▸ **What to produce**:
For this exercise, the lines from the one with "Zebora kids probiotic &" through the final line of the data below are to be transcribed exactly, and pictures are to be skipped.

[Records drawn from a dataset]
============================================================

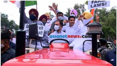 ദില്ലി: തീർത്തും നാടകീയമായി ദില്ലി നഗരത്തിലൂടെ ട്രാക്റ്ററോടിച്ച് പ്രതിഷേധം നടത്തി കോൺഗ്രസ് എംപി രാഹുൽ ഗാന്ധി. കർഷകനിയമങ്ങൾക്ക് എതിരായാണ് രാഹുൽ ഗാന്ധിയുടെ പ്രതിഷേധം. രാവിലെ പാർലമെന്റിലേക്ക് എത്താൻ പുറപ്പെട്ട രാഹുൽ ഗാന്ധി തീർത്തും അപ്രതീക്ഷിതമായിട്ടാണ് എഐസിസി ആസ്ഥാനത്ത് നിന്ന് ട്രാക്റ്ററിലേക്ക് കയറി അതോടിച്ച് ദില്ലി നഗരത്തിലൂടെ പാർലമെന്റിന് സമീപത്ത് എത്തിയത്.
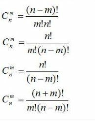 Число сочетаний из n элементов по m вычисляется по формуле:
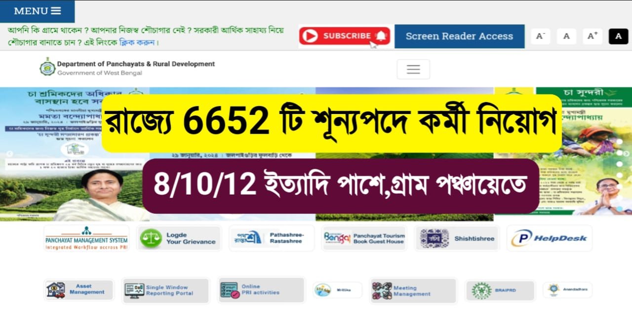 রাজ্যের প্রতিটি জেলার গ্রাম পঞ্চায়েতে 6,652 টি শূন্যপদে বিভিন্ন পদে কর্মরত কর্মী নিয়োগ 2024,দেখুন বিস্তারিত!
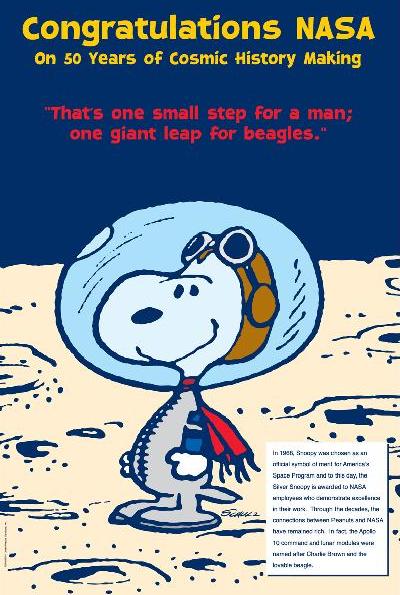 Snoopy ha acabado siendo mascota de la NASA. La agencia espacial norteamericana otorga el Premio Snoopy a sus empleados y contratistas por logros vinculados a la mejora de la seguridad o al éxito en una misión espacial. También la NASA bautizó como Charlie Brown al módulo de mando de la misión Apolo 10 y como Snoopy al módulo lunar.
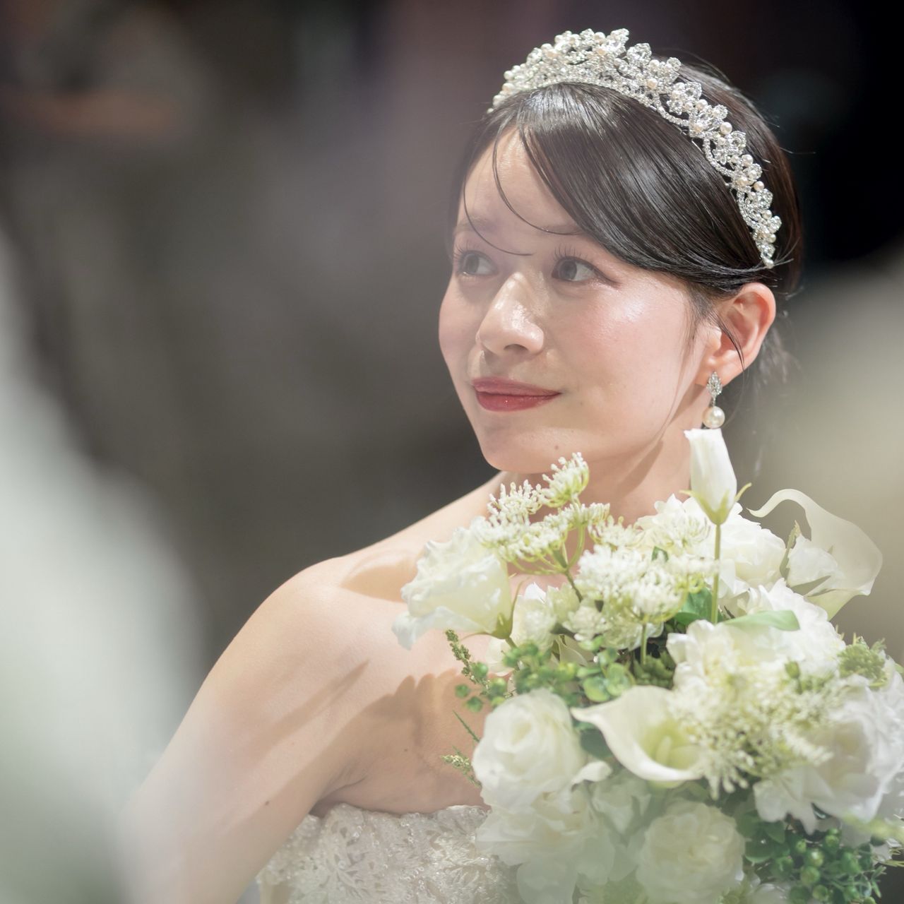 ティアラを引き立たせるため、ティアラと同じクリスタルとパールの控えめなデザインにしています。
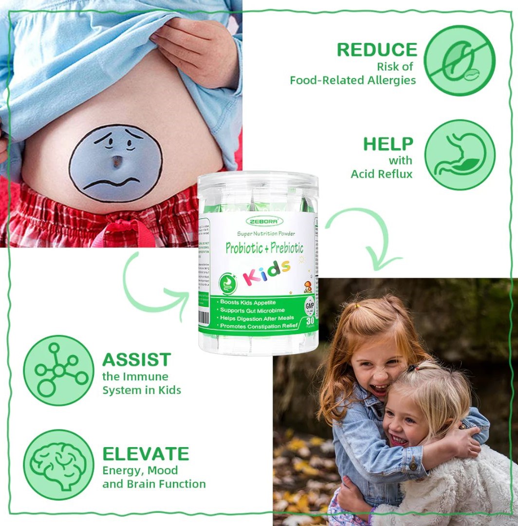 Zebora kids probiotic & prebiotics powder - Một loại thực phẩm bổ sung không có hương vị chứa nhiều chủng lợi khuẩn và chất xơ prebiotic, bổ sung men vi sinh dành cho trẻ từ 3 tuổi trở lên, không biến đổi gen, ngon miệng, thân thiện với trẻ em - với 8 chủng men vi sinh và 5 tỷ CFU, kết hợp với prebiotic được lựa chọn thủ công. Zebora Kids Probiotics được bào chế đặc biệt để giúp thúc đẩy sức khỏe đường ruột, sự thèm ăn, tiêu hóa và hệ miễn dịch của trẻ em.(A)
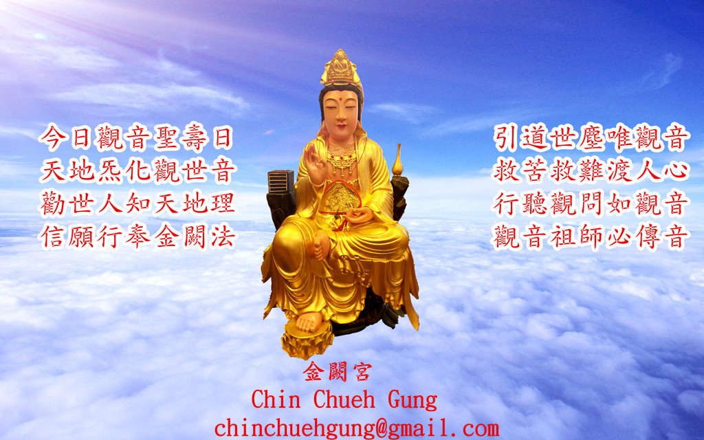 今天是觀音聖壽日,入道金闕宮九年感謝觀音祖師一路相挺不離不棄,帶著我們一家人隨著金闕祖師走,古人說家家戶戶觀世音,我們人打從娘胎出生就有觀音祖師冥冥中帶領著我們,一路引我們行正道,只是世人好攀神格較高的神祇,自從我入道門後,玉皇祖師敕令觀音引道旗給我以後,觀音祖師就一直告訴我,定會把我一家人帶好,觀音祖師會傳給我的引道真法必是源源無窮無盡,其實我的祖師告訴我觀音引道法是很樸實,但威力很大,成幻化成千手千眼觀音祖師,法力無窮,師總是告訴我低調而行,人不問時就不多說,金闕天地真道是不須要靠玄術來壯大自己,或是因為自己覺得有玄有通靈術就可以炫耀在眾人前,讓自己自我感覺良好,這是現今許多修行人的弊病,師尊告訴我謙卑低調,有緣在一起就會來請益。

============================================================

▸ **Answer to this exercise**:
 Zebora kids probiotic & prebiotics powder - Một loại thực phẩm bổ sung không có hương vị chứa nhiều chủng lợi khuẩn và chất xơ prebiotic, bổ sung men vi sinh dành cho trẻ từ 3 tuổi trở lên, không biến đổi gen, ngon miệng, thân thiện với trẻ em - với 8 chủng men vi sinh và 5 tỷ CFU, kết hợp với prebiotic được lựa chọn thủ công. Zebora Kids Probiotics được bào chế đặc biệt để giúp thúc đẩy sức khỏe đường ruột, sự thèm ăn, tiêu hóa và hệ miễn dịch của trẻ em.(A)
 今天是觀音聖壽日,入道金闕宮九年感謝觀音祖師一路相挺不離不棄,帶著我們一家人隨著金闕祖師走,古人說家家戶戶觀世音,我們人打從娘胎出生就有觀音祖師冥冥中帶領著我們,一路引我們行正道,只是世人好攀神格較高的神祇,自從我入道門後,玉皇祖師敕令觀音引道旗給我以後,觀音祖師就一直告訴我,定會把我一家人帶好,觀音祖師會傳給我的引道真法必是源源無窮無盡,其實我的祖師告訴我觀音引道法是很樸實,但威力很大,成幻化成千手千眼觀音祖師,法力無窮,師總是告訴我低調而行,人不問時就不多說,金闕天地真道是不須要靠玄術來壯大自己,或是因為自己覺得有玄有通靈術就可以炫耀在眾人前,讓自己自我感覺良好,這是現今許多修行人的弊病,師尊告訴我謙卑低調,有緣在一起就會來請益。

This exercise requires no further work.